September 4, 2023

Machine learning tool simplifies one of the most widely used reactions in the pharmaceutical industry

by Tracy Crane, University of Illinois at Urbana-Champaign

In the past two decades, the carbon-nitrogen bond forming reaction, known as the Buchwald-Hartwig reaction, has become one of the most widely used tools in organic synthesis, particularly in the pharmaceutical industry given the prevalence of nitrogen in natural products and pharmaceuticals.

This powerful reaction has revolutionized the way nitrogen-containing compounds are made in academic and industrial laboratories, but it requires lengthy, time-consuming experimentation to determine the best conditions for a highly effective reaction.

Now, Illinois researchers in collaboration with chemists at Hoffman La-Roche, a pharmaceutical company in Switzerland, have developed a machine learning tool that predicts in a matter of minutes the best conditions for a high-yielding reaction with no lengthy experimentation.

In a recently published article in Science, Illinois chemistry professor Scott Denmark and Ian Rinehart, a recent Ph.D. graduate in the Denmark lab, describe how they developed, trained, and tested their machine learning model to drastically accelerate the identification of substrate-adaptive conditions for this palladium–catalyzed carbon-nitrogen bond forming reaction.

Denmark said this reaction is a very general transformation so there is much structural diversity among reactant pairings and a lot of "levers to pull" to make it work.

"And that's what we have figured out," Denmark said.

User guides and cheat sheets have evolved in the nearly 30 years since this reaction was discovered, and they can provide some direction, Rinehart explained, but experimentation is often necessary.

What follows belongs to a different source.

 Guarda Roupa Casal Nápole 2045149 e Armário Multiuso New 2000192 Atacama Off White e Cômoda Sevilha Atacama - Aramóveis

Basically, a trial-and-error process in a lab.

"It's a problem that everyone in the pharmaceutical industry recognized was ripe for intervention by informatics methods," Denmark said. "Lots of people have tried to use the US Patent and Trademark Office or Chemical Abstracts or other huge databases to try to model to make predictive tools for this one very important reaction. But they haven't been able to do very well because the information in the literature is just not very reliable."

The design and construction of their machine learning tool required the generation of an experimental dataset that explores a diverse network of reactant pairings across a set of reaction conditions. A large scope of C–N couplings was actively learned by neural network models by using a systematic process to design experiments.

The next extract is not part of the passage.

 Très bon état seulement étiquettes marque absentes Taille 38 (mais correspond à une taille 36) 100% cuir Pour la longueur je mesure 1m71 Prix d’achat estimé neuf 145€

The challenge for a project like this, Denmark said, was the amount of potential data to collect and the thousands and thousands of experiments required to build a database of information for modeling.

"One of Ian's biggest contributions was figuring out the workflow to decide what experiments to do to get a valid predictive model with about 3,500 experiments and still be able to make predictions without an enormous database," Denmark said.

They also experimentally validated the predictions from the machine learning tool.

"We tested them and found with pretty good statistics that the conditions were producing compounds when we expected," Denmark said.

The researchers report that their models showed good performance in experimental validation: Ten products were isolated in more than 85% yield from a range of couplings with out-of-sample reactants designed to challenge the models.

Rinehart said they taught machine learning models to have a kind of chemical intuition like what an expert has.

"So, we have now run or talked about so many of these couplings that we have a good intuition about what's going to happen, but someone who hadn't run hundreds or thousands of these might not have a good first guess. We have taught a model at a much more granular level [than user guides] to have an intuition. It's not perfect. But that's kind of the point. It doesn't have to be. It just has to get you to the answer faster," Rinehart said.

And the coolest part, Rinehart explained, is that intuition gets honed over time as more people use the machine learning tool. The developed workflow continually improves the prediction capability of the tool as the corpus of data grows.

"It's an exciting time as data science merges with chemistry," Denmark said. "And this is the perfect marriage. A lot of people recognized this, but no one has done it, at least not in a meaningful way that is experimentally validated."

The Denmark group is creating a cloud-based version of the workflow to enable scientists around the world to use this tool which will continuously add data to improve the model as more structurally diverse substrates are tested and different catalysts and conditions are added to the database.

Rinehart said the code is public and on an open-source license, so anyone can download and use it. Also, he is currently working on a more user-friendly interface that will allow someone to draw the two molecules they want to react, copy and paste them into the program, and get predictions in minutes instead of hours, depending on the complexity of the molecules.

"I think it's really exciting to do something like that," Rinehart said. "We don't often publish a paper and put out a tool in the public domain that people can use in the field. People in academic labs like ours could use this tool and get an answer faster in their own research."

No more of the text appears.